Instead of using viral vectors, SonoThera’s genetic medicines are delivered through an ultrasound-mediated technology that could help sidestep key safety issues with conventional delivery methods.
Following the completion of its oversubscribed series B, San Francisco’s SonoThera will have $125 more in capital that it can use to advance its pipeline of genetic medicines that don’t use virus vectors for delivery.
The money will go toward SonoThera’s lead programs in Duchenne muscular dystrophy (DMD) and autosomal dominant polycystic kidney disease (ADPKD), which the biotech plans to take into clinical development, according to a Wednesday news release. The series B proceeds will also allow SonoThera to broaden its pipeline across other organ systems.
“Many diseases remain beyond the reach of today’s genetic medicines,” the biotech’s CEO Kenneth Greenberg said in a prepared statement. SonoThera’s goal is “to take a fundamentally different approach” to genetic medicines, with a platform that enables “more precise, durable, safer, and repeatable therapies for patients,” he added.

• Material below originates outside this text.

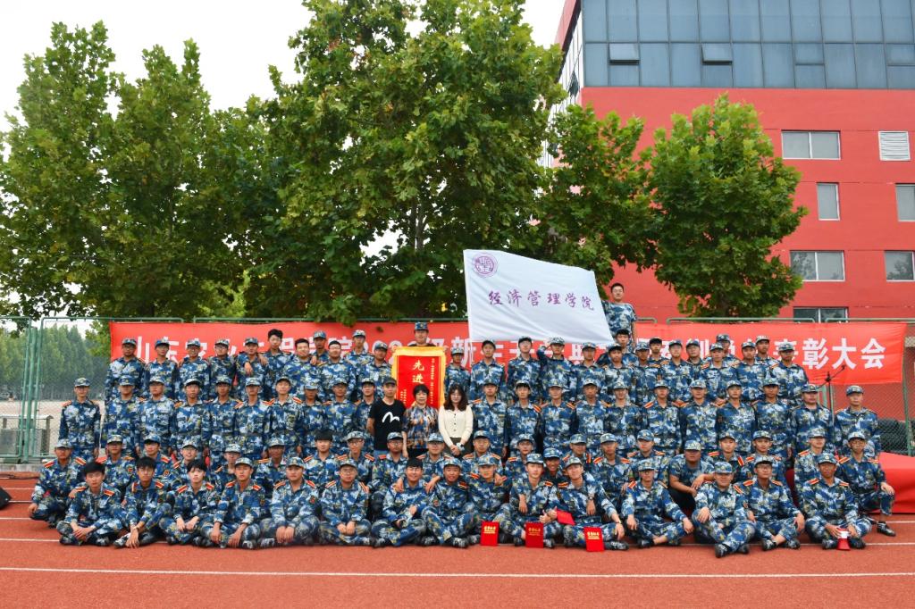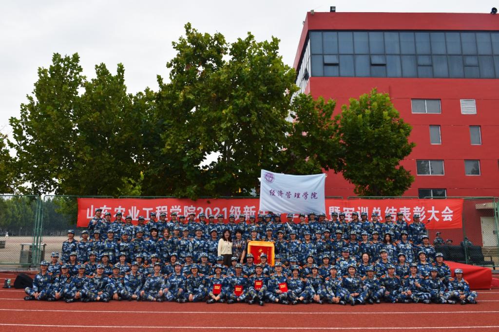 9月18日,在必赢2021级新生开学典礼暨军训总结表彰大会上,经济管理学院荣获军训先进集体荣誉称号,校党委书记丁希滨亲自为获奖单位颁奖。

Traditionally, gene therapies are packaged into viruses that have been engineered to be inert and non-infectious. The objective here is to be able to take these genetic payloads to their target cells and safely integrate them into the host’s DNA, in turn establishing stable expression of the payload gene in the patient.
Adeno-associated viruses (AAVs) are the most common vector of choice and have been established as largely safe when used at low doses. The FDA has approved certain AAV-based gene therapies, such as Sarepta Therapeutics’ DMD treatment Elevidys.
Notably, however, these products carry warnings for safety concerns, particularly those that affect the liver. That’s because AAVs are still immunogenic and accumulate in the liver, where they can trigger a potentially dangerous immune reaction.
This particular safety hitch came to a head in March last year, when a patient on Elevidys died due to acute liver failure. Another Elevidys-linked death followed months later, followed by the death of a patient in a clinical trial for an investigational gene therapy from Sarepta for limb-girdle muscular dystrophy that uses the same vector platform as Elevidys. The FDA ultimately hit the drug with a boxed warning and narrowed its use to ambulatory patients.
SonoThera wants to do away with AAVs entirely and instead use a proprietary ultrasound-mediated approach, avoiding off-target effects and liver issues, as well as opening up the delivery of DNA or RNA constructs “of unlimited size,” according to the biotech’s website.
Many big names have thrown their support behind this approach, with Wednesday’s series B raise involving investors such as Leaps by Bayer, Otsuka, RA Capital, Vida Ventures, ARCH Venture Partners, Johnson & Johnson Innovation and Vertex Ventures.
Correction (June 11): This story has been edited to remove a mention of Vertex Pharmaceuticals and CRISPR Therapeutics’ Casgevy, which is not an AAV-based therapy but was listed as such. BioSpace regrets the error.